Representative but non-limiting coating thicknesses are in the range 3 to 15 thousandths of an inch.

EXAMPLE 1

A formulation comprising 20% succinic anhydride and 30% micronised sodium sulphite suspended in a 27% w/w ethyl cellulose/ethanol solution was produced. Low viscosity (4 cps) ethyl cellulose was employed. Coatings of 100 μm and 30 μm thickness were produced, corresponding to ca. 20 gm−2 and 50gm−2 of coating, respectively. Sulphur dioxide release was monitored by placing a 10 cm2 piece of film and a sample of universal indicator paper in a sealed container under dry and wet conditions. Table 1 shows the results of an 85 day study. Table 1 indicates that under dry conditions, both coatings provide a neutral pH on the indicator paper, showing that no significant release of (acidic) sulphur dioxide occurs over the observed period of time. This is an important consideration from a commercial perspective since storage for an extended period would be expected. Furthermore, under wet conditions sustained sulphur dioxide release is observed, as evidenced by low observed pH values.

TABLE 1
pH values as a function of time for Example 1 films
Coating DAY
Thickness/μm Conditions 1 2 5 6 7 8 9 12 14 17 18 21
100 Wet 4 4 4 4 4 4 4 4 4 4 4 4
100 Dry 7 7 7 7 7 7 7 7 7 7 7 7
300 Wet 4 4 4 4 4 4 4 4 4 4 4 4
300 Dry 7 7 7 7 7 7 7 7 7 7 7 7
Coating DAY
Thickness/μm Conditions 22 25 29 36 43 50 57 64 71 78 85
100 Wet 4 4 4 4 4 4 4 4 5 7 7
100 Dry 7 7 7 7 7 7 7 7 7 7 7
300 Wet 4 4 4 4 4 4 4 4 4 4 5
300 Dry 7 7 7 7 7 7 7 7 7 7 7

EXAMPLE 2

Films were prepared using ethyl cellulose of different viscosities, namely 20, 100 and 300 cps ethyl cellulose.

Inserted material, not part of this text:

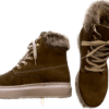 Botín de mujer en serraje verde militar con el interior forrado para aportar un extra de comodidad y calor en la temporada de invierno. Además tiene el detalle del pelo rodeando el tobillo.
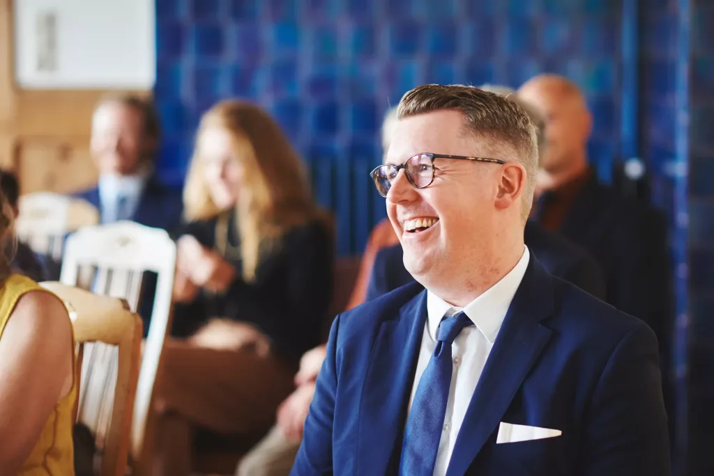 Die Gäste haben Platz genommen, die Sonne scheint durch die großen Fenster und taucht alles in goldenes Licht. Die Feier beginnt und meine Arbeit ist getan.

The polymer concentration was 11%. In each instance, films were produced comprising succinic acid and 30% sodium sulphite, and a wrapping trial was performed over a period of ten days. Qualitative analysis revealed that the film produced using 20 cps ethyl cellulose underwent mechanical breakdown within three days. Over the ten day period, small cracks were seen in the film produced using 100 cps ethyl cellulose. The film produced using 300 cps ethyl cellulose exhibited strong resistance to mechanical breakdown over a period of ten days.

EXAMPLE 3

Films were produced using 300 cps ethyl cellulose in ethanol at various concentration levels. These films contained succinic anhydride and sodium sulphite in various concentrations. Details of the compositions of the films are shown in Table 2. Table 3 depicts the results of an eighteen day study into sulphur dioxide release under wet conditions using the pH measuring method generally described in Example 1. Films corresponding to a relatively low ethyl cellulose concentration of 6% provide relatively rapid sulphur dioxide release, with the supply of sulphur dioxide being virtually exhausted after five days. The rapid sulphur dioxide release appears to be independent of the amount of active ingredients (ie, anhydride and sulphur dioxide releasing material) present. It should be noted that in further tests performed in dry conditions, no sulphur dioxide was detected.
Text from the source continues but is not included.